INSTRUCTIONS FOR THE TASK:
In the entries below, find the line with "Guêtres souples pour" and the line with "ご開業いただいた方々には、直"; copy them and every line between them exactly, but not the pictures.

MATERIAL FOR THIS EXERCISE:
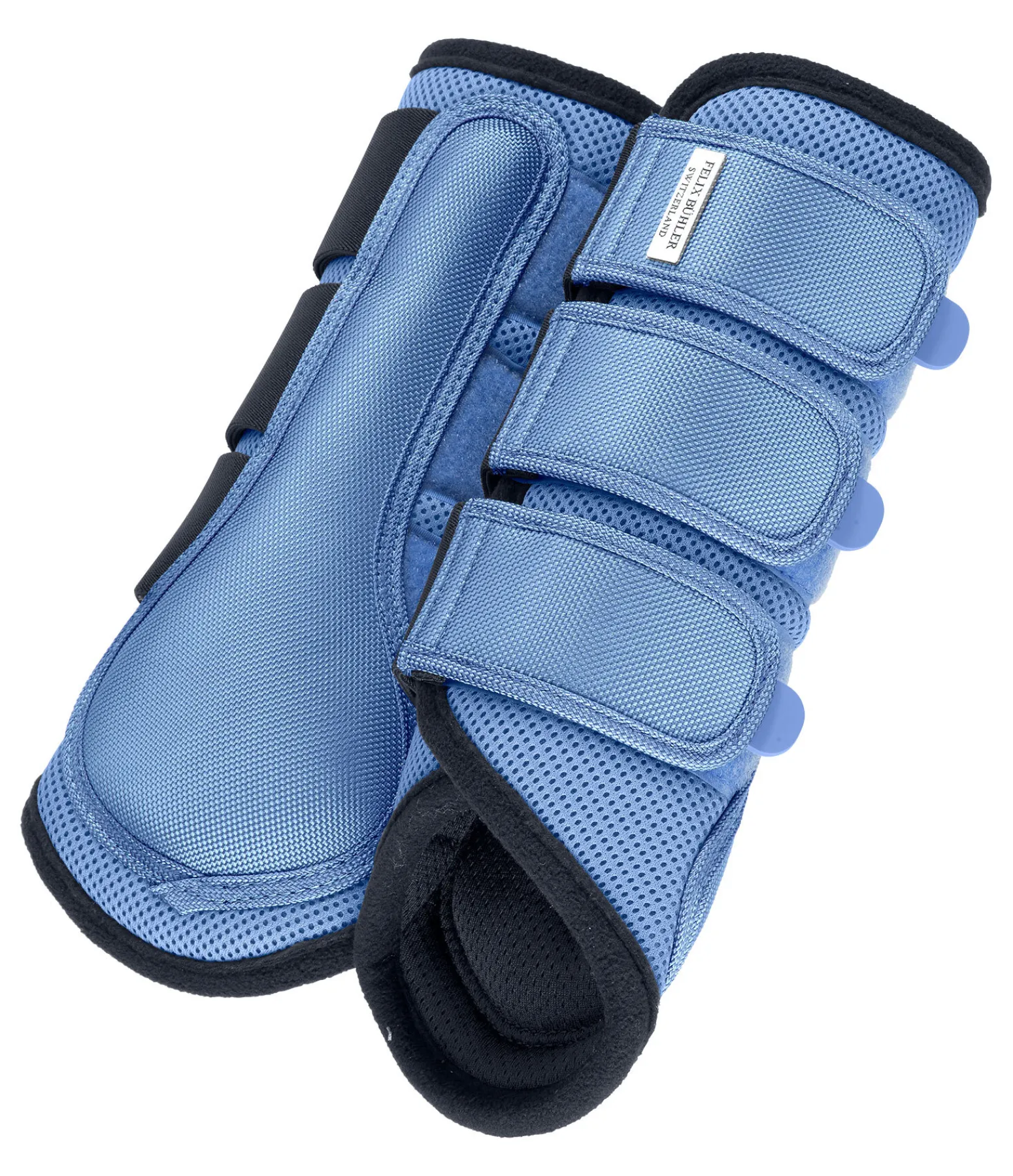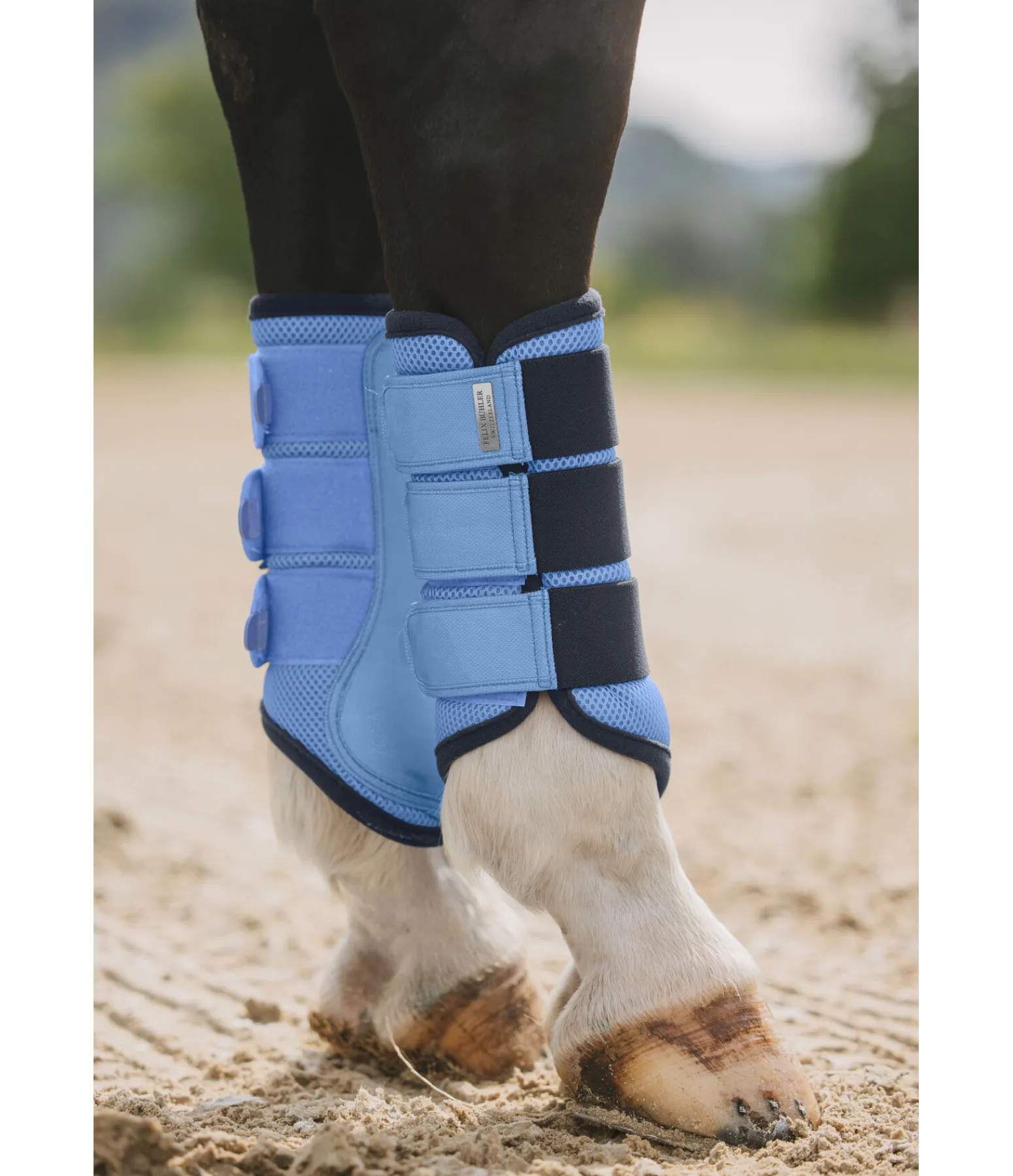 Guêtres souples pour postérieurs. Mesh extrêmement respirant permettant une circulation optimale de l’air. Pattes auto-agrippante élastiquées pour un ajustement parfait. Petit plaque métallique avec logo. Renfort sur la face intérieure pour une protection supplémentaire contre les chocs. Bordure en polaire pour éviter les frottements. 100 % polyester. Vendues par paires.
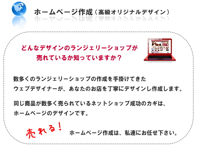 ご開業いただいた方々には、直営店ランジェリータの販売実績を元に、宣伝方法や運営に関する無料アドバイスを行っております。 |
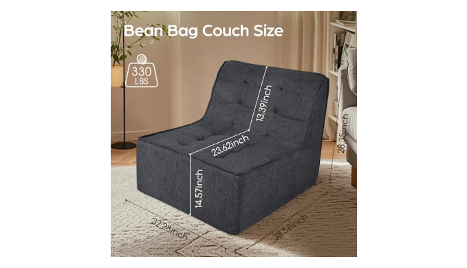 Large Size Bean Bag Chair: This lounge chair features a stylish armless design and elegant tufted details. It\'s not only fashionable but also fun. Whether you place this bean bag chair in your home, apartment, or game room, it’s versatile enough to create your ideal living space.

==

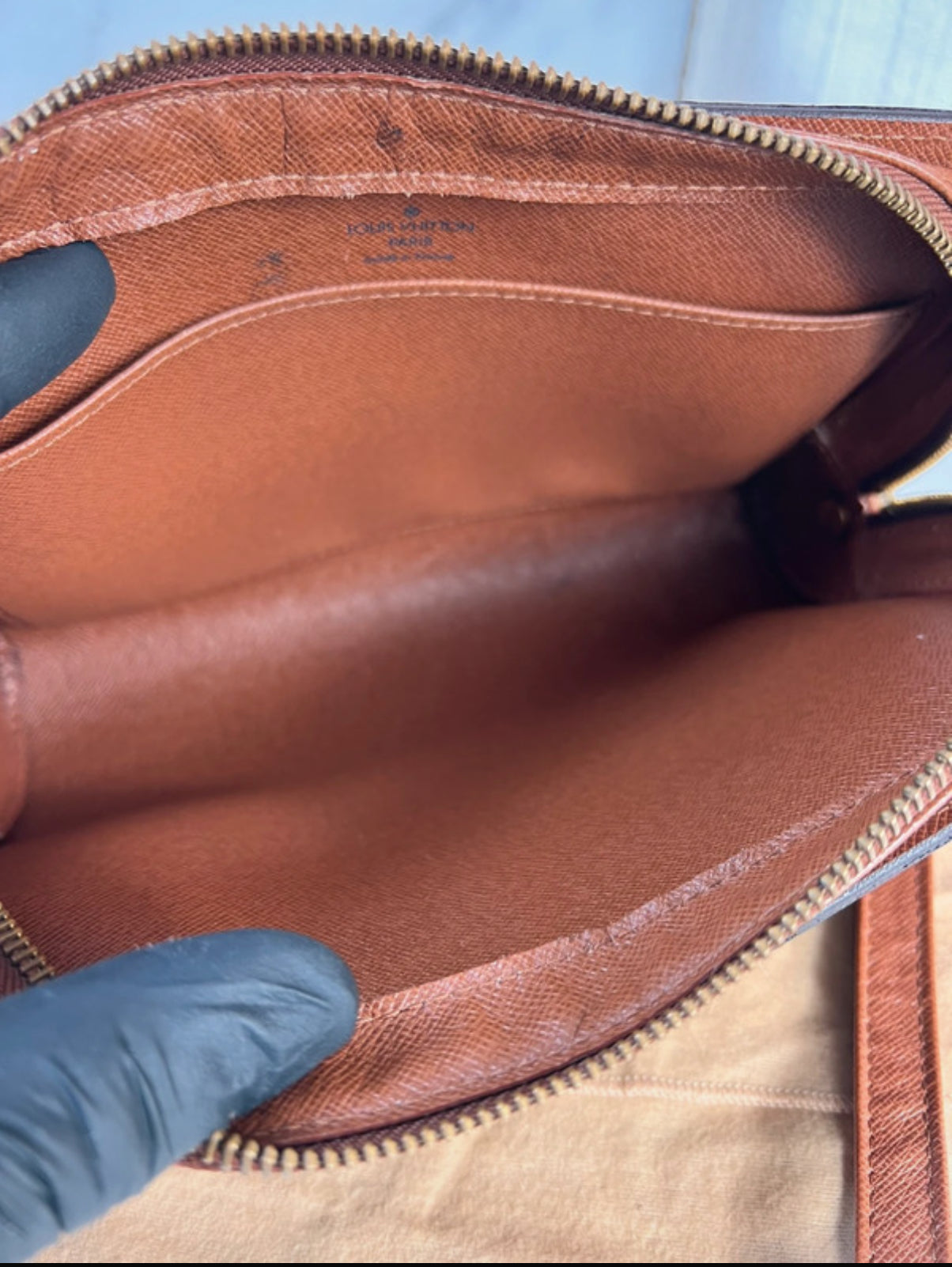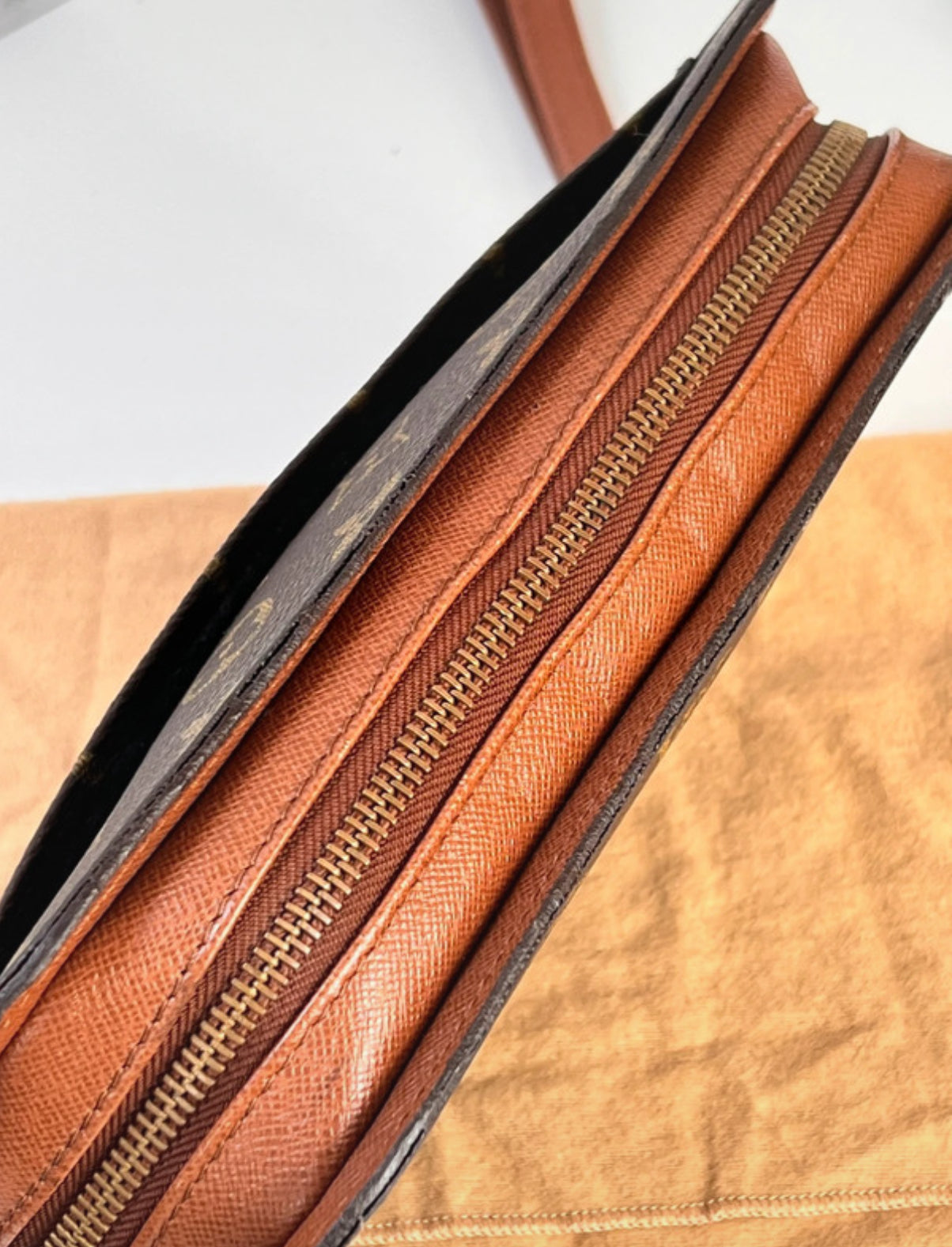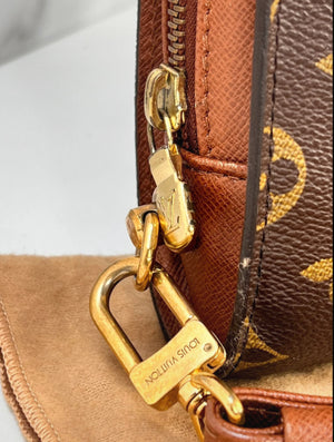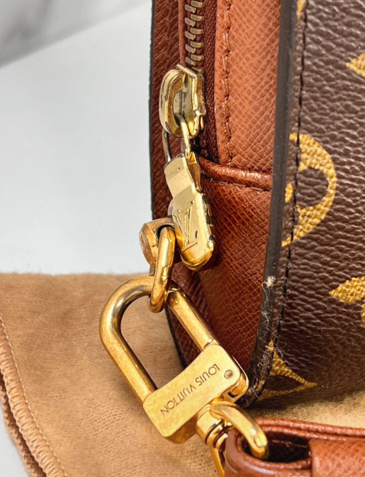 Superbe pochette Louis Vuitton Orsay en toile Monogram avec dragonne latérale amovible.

REPLY TO THE TASK:
 Guêtres souples pour postérieurs. Mesh extrêmement respirant permettant une circulation optimale de l’air. Pattes auto-agrippante élastiquées pour un ajustement parfait. Petit plaque métallique avec logo. Renfort sur la face intérieure pour une protection supplémentaire contre les chocs. Bordure en polaire pour éviter les frottements. 100 % polyester. Vendues par paires.
 ご開業いただいた方々には、直営店ランジェリータの販売実績を元に、宣伝方法や運営に関する無料アドバイスを行っております。 |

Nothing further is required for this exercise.